/alexandria-stx-datalake

Alexandria STX Data Lake

Primary LanguageTypeScriptMIT LicenseMIT

Alexandria STX Data Lake

Overview

The Alexandria Indexer is a system of layered services that index the data stored on the Stacks blockchain, equipping builders with transaction, event and NFT-state data on which they can build their applications.

The first layer of the Alexandria Indexer is the STX Data Lake. It streams raw transactions from the Stacks Node, extracting all on-chain transactions into the data lake database into the data lake schema, making the transactions available and more accessible for further indexing at a higher level, and enabling reindexing over time without the dependency of a Stacks Node.

The Alexandria Stacks TX Data Lake consists of 2 key components:

  1. A PostgreSQL database that stores Stacks chain block and transaction data
  2. A streamer service that connects to a designated Stacks API Node and streams the data into the database

Setup

To set up the Data Lake and Streamer Service, follow the steps below. You can also watch starlord walking you through the setup in the following video https://www.loom.com/share/2fa9279e8aa64e34bb4c128b77fbd204

1. Database

  • Ensure that you have a PostgreSQL database instance up and running
  • Create a database on your instance called stacks-data-lake-01 (or whatever name you choose)
  • Run the migration.sql script in your public schema inside your new database

2. Streamer Service

Local setup

  • Create a .env file in your root folder to hold your environment variables (see .env.example):
    • DATABASE_URL=postgres://DB_USER:DB_USER_PW@DB_HOST/stacks-data-lake-01 (replace DB_USER, DB_USER_PW and DB_HOST placeholders with appropriate values)
    • NODE_ENV=development
    • STACKS_NODE_API_URL=https://stacks-node-api.mainnet.stacks.co/ (this is the main stacks node API, replace the API URL if you are using an alternative)
    • STACKS_WSS_URL=wss://stacks-node-api.mainnet.stacks.co (set this to point to the web socket endpoint to listen for new blocks)
    • STREAM_HISTORICAL_DATA=false (data will stream immediatley from the tip of the chain, set this value to true if you want to also stream historical data)
  • To run the streamer in development mode: yarn start:dev
  • To run the streamer in prod mode: yarn start:prod

Hosted setup

  • Deploy the repo or code to the hosting environment of your choice
  • Set the following environment variables:
    • DATABASE_URL=postgres://DB_USER:DB_USER_PW@DB_HOST/stacks-data-lake-01 (replace DB_USER, DB_USER_PW and DB_HOST placeholders with appropriate values)
    • STACKS_NODE_API_URL=https://stacks-node-api.mainnet.stacks.co/ (this is the main stacks node API, replace the API URL if you are using an alternative)
    • STACKS_WSS_URL=wss://stacks-node-api.mainnet.stacks.co (set this to point to the web socket endpoint to listen for new blocks)
    • STREAM_HISTORICAL_DATA=false (data will stream immediatley from the tip of the chain, set this value to true if you want to also stream historical data)
  • Set the build command to yarn build
  • Set the start command to yarn start:prod

Render auto-deploy

This option makes it possible to deploy an instance inside a hosted render.com service.
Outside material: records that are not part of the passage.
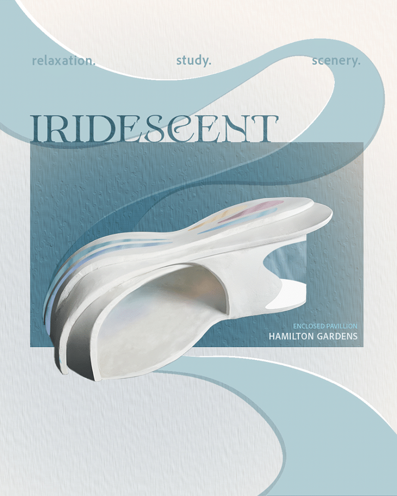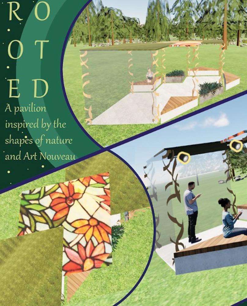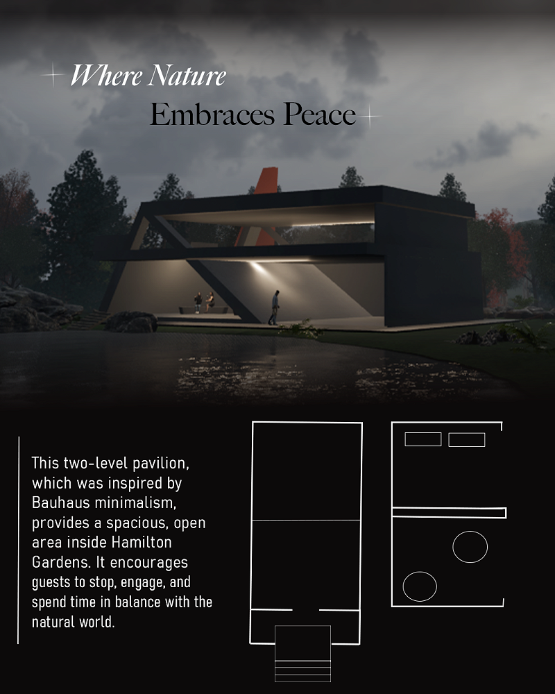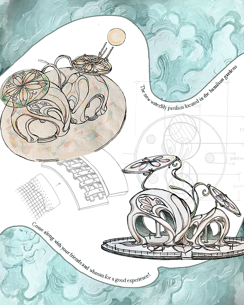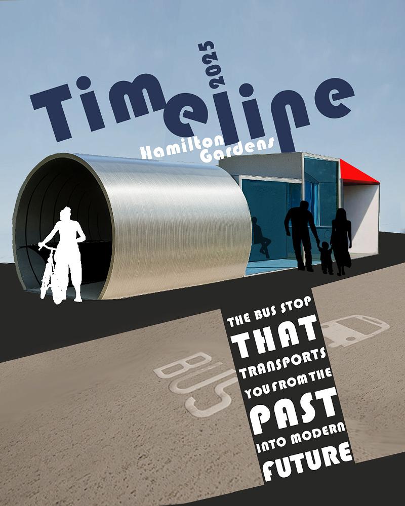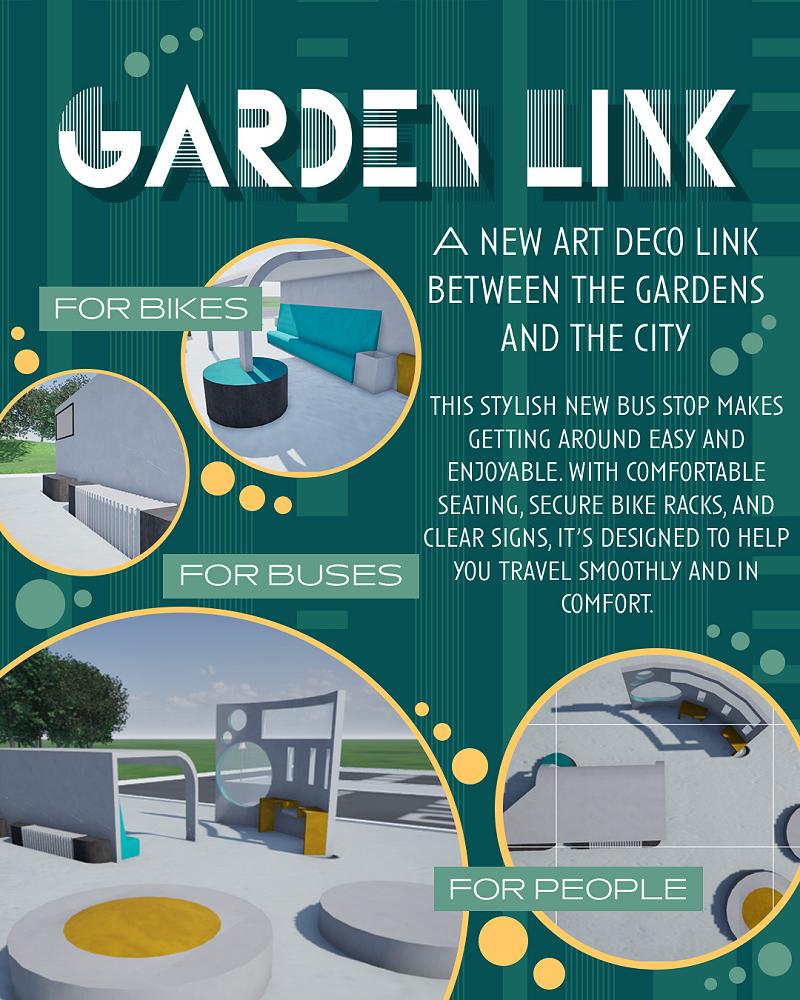 They were tasked with designing a Bus Shelter or Pavilion for the Hamilton Gardens, inspired by a key design movement like Art Nouveau, Deconstructivism, Bauhaus, or Art Deco. These posters are the final promotional pieces for their designs.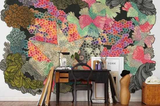 书房或工作区的墙面绘画没有逼格怎么行?这不是一盒蜡笔就能解决的事,可以选择丙烯颜料或者水粉颜料,艳丽度和覆盖性都比较好。比较复杂的图案需要先在墙上用铅笔画好底稿,再逐步加强,最后将调好色的颜料一点一点涂上。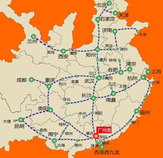 中國鐵路廣州局集團有限公司管轄的特等站,是華南地區最繁忙的高鐵站。 廣州南站連接京廣高速鐵路、廣深港高速鐵路、貴廣高速鐵路、南廣鐵路、廣珠城軌和粵西沿海鐵路,是粵港澳大灣區、泛珠江三角洲地區的鐵路核心車站,是廣州鐵路客運樞紐的站點之一。 每日均到發列車808列次,均為高鐵動車,可直達北京、上海、杭州、深圳、南京、武漢、長沙、鄭州、宜昌、岳陽、西安、合肥、南昌、成都、貴陽、南寧、桂林、濟南、青島、上饒、石家莊、太原、新會、信陽、珠海等經濟發達城市。 現每日開行列車可以輻射到環渤海經濟圈、中部經濟圈、長三角經濟圈、珠三角經濟圈、西南經濟圈、海峽經濟圈、西北經濟圈共七大經濟圈。 |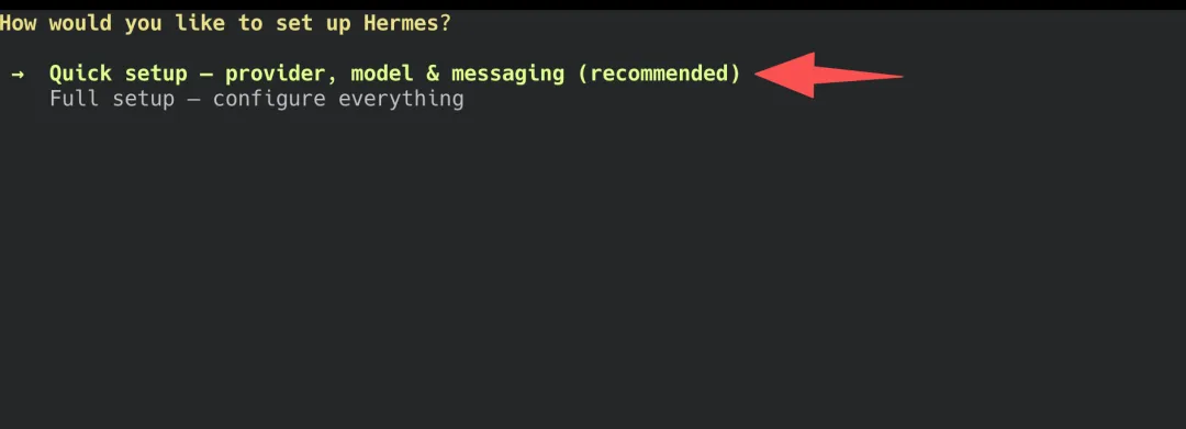 运行 hermes setup 进入交互式配置界面,选择 Quick Setup 走快速配置流程: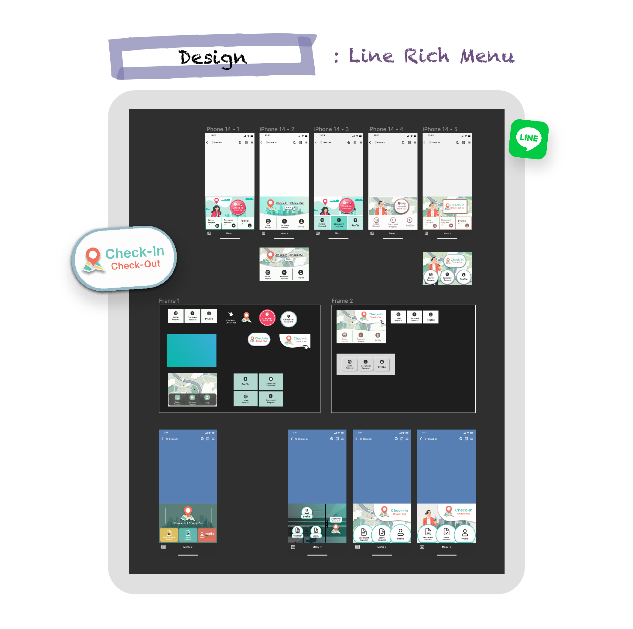 - Line Rich Menu Design : งานแรกที่ได้รับมอบหมายคือให้ออกแบบ Rich Menu ให้ออกมาใช้งานง่าย สวยงาม และดูสบายตา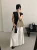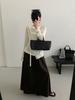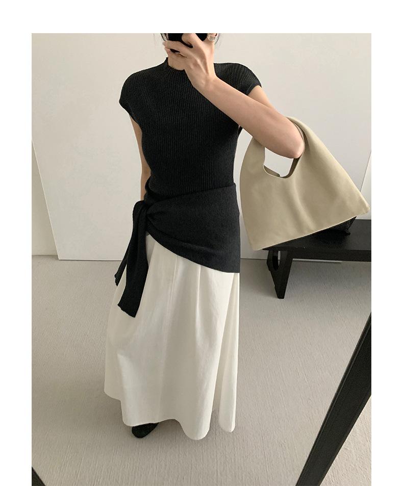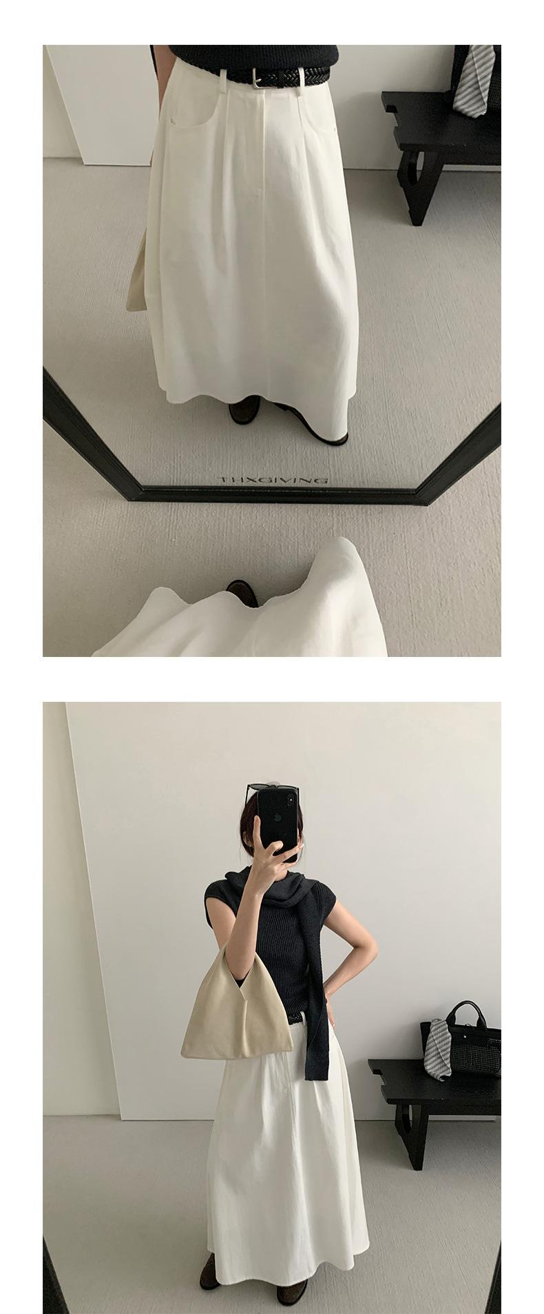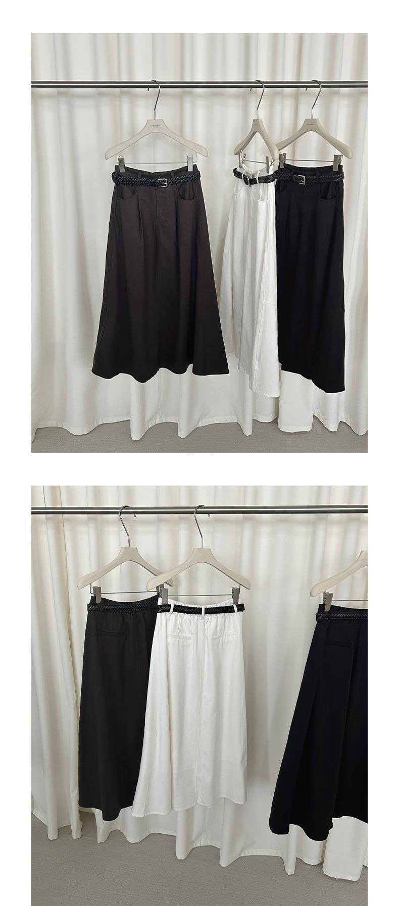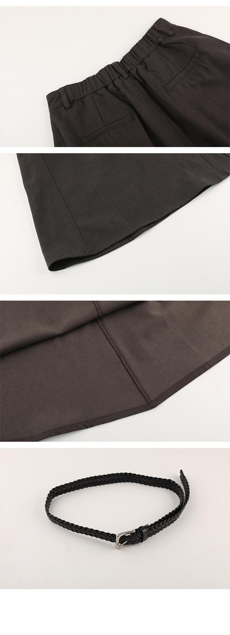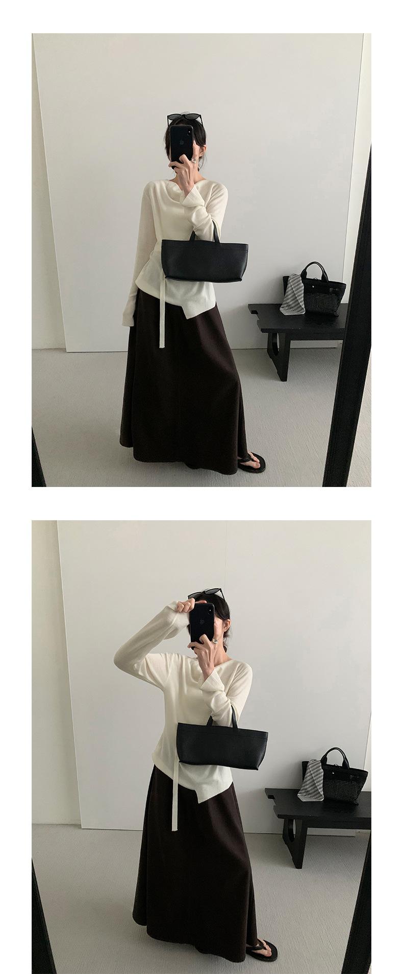 TG Falda Midi Lisa Acampanada Estilo Coreano de Moda con Cinturón de Punto Trenzado para Mujer Otoño 2025 Nueva Versátil Falda Larga 29024

To get started, you need to register for a render account and get familiar with the documentation for render.

Once you've registered, hit this big blue button:

Deploy to Render

Important! Please note that this deployment uses the free plan for the database and the paid starter plan for the background worker server (you can upgrade as your needs require) and requires that you have payment details added to your account. Check the Render pricing for pricing information.